Putting Up A Fight In The Last Frontier
- What’s cooler than a cold war? A cold war clash in Alaska, duh. The U.S. military has shifted about 130 soldiers – accompanied by two mobile rocket launchers, a Navy destroyer, and a Coast Guard vessel – to a remote part of Alaska’s Aleutian Island chain. The troops were sent north to monitor joint military drills being held by Russia and China in the Arctic and Pacific.
- “It’s not the first time that we’ve seen the Russians and the Chinese flying, you know, in the vicinity, and that’s something that we obviously closely monitor, and it’s also something that we’re prepared to respond to,” Pentagon spokesperson Maj. Gen. Pat Ryder told reporters yesterday. The joint drills by America’s top rivals are part of their “Ocean-24” military exercise, which will see Moscow and Beijing conduct drills across the Arctic and Pacific Oceans.
More Mixed Nuts
- Trump says he will meet with Narendra Modi during Indian prime minister’s visit to US (AP)
- Australians stranded on Kokoda track resume walk after protests shut down sections (Guardian)
- Ukrainian drone attack triggers huge blasts at Russian ammo depot (NBC)
- IMF postpones Russia visit after heavy criticism across Europe (Guardian)
- Australian police infiltrate encrypted messaging app Ghost and arrest dozens (AP)

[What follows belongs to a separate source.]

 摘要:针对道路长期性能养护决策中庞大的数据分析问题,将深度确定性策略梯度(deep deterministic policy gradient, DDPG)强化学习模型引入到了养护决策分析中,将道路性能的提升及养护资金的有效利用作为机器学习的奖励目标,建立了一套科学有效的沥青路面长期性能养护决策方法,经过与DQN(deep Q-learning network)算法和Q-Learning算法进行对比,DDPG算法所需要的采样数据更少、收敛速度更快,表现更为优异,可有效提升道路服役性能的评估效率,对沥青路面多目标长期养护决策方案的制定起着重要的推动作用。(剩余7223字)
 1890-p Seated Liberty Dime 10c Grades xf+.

The Non-Contiguous Air Carrier Combo
- Yesterday, Alaska Airlines announced that it had completed its $1.9 billion acquisition of Hawaiian Airlines. The news is a bit surprising considering the recent track record of airline mergers – JetBlue and Spirit tossed their $3.8 billion merger agreement after a U.S. judge blocked the deal in January, and American and JetBlue’s attempted merger was also stopped.

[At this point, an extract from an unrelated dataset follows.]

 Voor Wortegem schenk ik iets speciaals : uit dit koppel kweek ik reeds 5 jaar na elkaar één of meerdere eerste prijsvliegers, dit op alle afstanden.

- The U.S. Department of Transportation approved the deal after the airlines agreed to protect the value of frequent flyer rewards, maintain service on certain Hawaiian routes, ensure competitive access at the Honolulu airport, and provide travel credits or frequent flyer miles for disruptions that are the airline’s fault. Alaska is (or was) the fifth-largest domestic U.S. airline, while Hawaiian is the 10th-largest.
Turning Traitor On Trump
- Yesterday, more than 100 Republican former national security and foreign policy officials signed a public letter endorsing Vice President Kamala Harris for president. They agreed that while they “expect to disagree with Kamala Harris on many domestic and foreign policy issues,” they “believe that she possesses the essential qualities to serve as president and Donald Trump does not.”

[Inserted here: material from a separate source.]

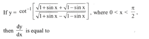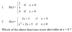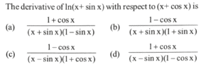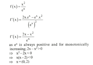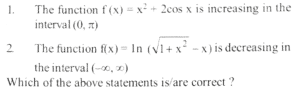 NDA/NA SOLVED PAPER 2015-II (MATHEMATICS)Total Questions: 12071. Solve the following equation(a)(b)(c)(d)Correct Answer: (d)Solution: 72. Consider the function(a) -1(b) 1(c) 0(d) 2Correct Answer: (a) -1Solution:73. Solve the following equation(a) - 1/2(b) 1/2(c) -1(d) 1Correct Answer: (c) -1Solution:74. Consider the following functions:(a) 1 only(b) 2 only(c) Both 1 and 2(d) Neither 1 nor 2Correct Answer: (b) 2 onlySolution:75. Solve the following equation(a) [0, ∞)(b) (- ∞, 0)(c) [1, ∞)(d) (- ∞, 0]Correct Answer: (b) (- ∞, 0)Solution:76. Consider the following statements :(a) 1 only(b) 2 only(c) Both 1 and 2(d) Neither 1 nor 2Correct Answer: (c) Both 1 and 2Solution: 77. Solve the following equation(a)(b)(c)(d)Correct Answer: (a)Solution:78. Solve the following equation(a) 1/2(b) 2(c) sin x + cos x(d) sin x - cos xCorrect Answer: (a) 1/2Solution: 79. The function f(x) = x²/eˣ monotonically increasing if(a) x < 0 only(b) x > 2 only(c) 0 < x < 2(d) x ∈ (- ∞, 0) ∪ (2, ∞)Correct Answer: (c) 0 < x < 2Solution:80. Solve the following equation(a) a/b(b) b/a(c) 1(d) 0Correct Answer: (d) 0Solution: Submit Quiz« Previous123456789101112Next »

- The letter gets harsher, saying, “We firmly oppose the election of Donald Trump. As president, he promoted daily chaos in government, praised our enemies and undermined our allies, politicized the military and disparaged our veterans, prioritized his personal interest above American interests, and betrayed our values, democracy, and this country’s founding document.” Yikes.
More Nuts In America
- GOP senator tells Arab American witness at hate crimes hearing to ‘hide your head in a bag’ (NBC)
- Ohio Republicans are being very, very careful in correcting Trump and Vance (CNN)
- Sarah Huckabee Sanders swipes at Kamala Harris for not having biological children (ABC)
- Video: Paul Whelan shares what he is having difficulty adjusting to after 5 year imprisonment (CNN)
- Vance touts deportation plan in Wisconsin city where tensions flared over refugee resettlement (AP)
- U.S. sues Dali ship owner and operator for $100 million over Baltimore bridge collapse (NPR)
What We Do During The Zoom Calls
- Attention all remote workers: do not show this story to your boss! A new SurveyMonkey poll of over 3,000 full-time workers (both in-person and remote) has revealed some interesting new insights into how remote workers are spending their time. While office workers can find ways to while away the hours by chatting at the water cooler and…er, utilizing the facilities on company time, the new poll shows that remote workers are also (unsurprisingly) finding ways to kill time at home.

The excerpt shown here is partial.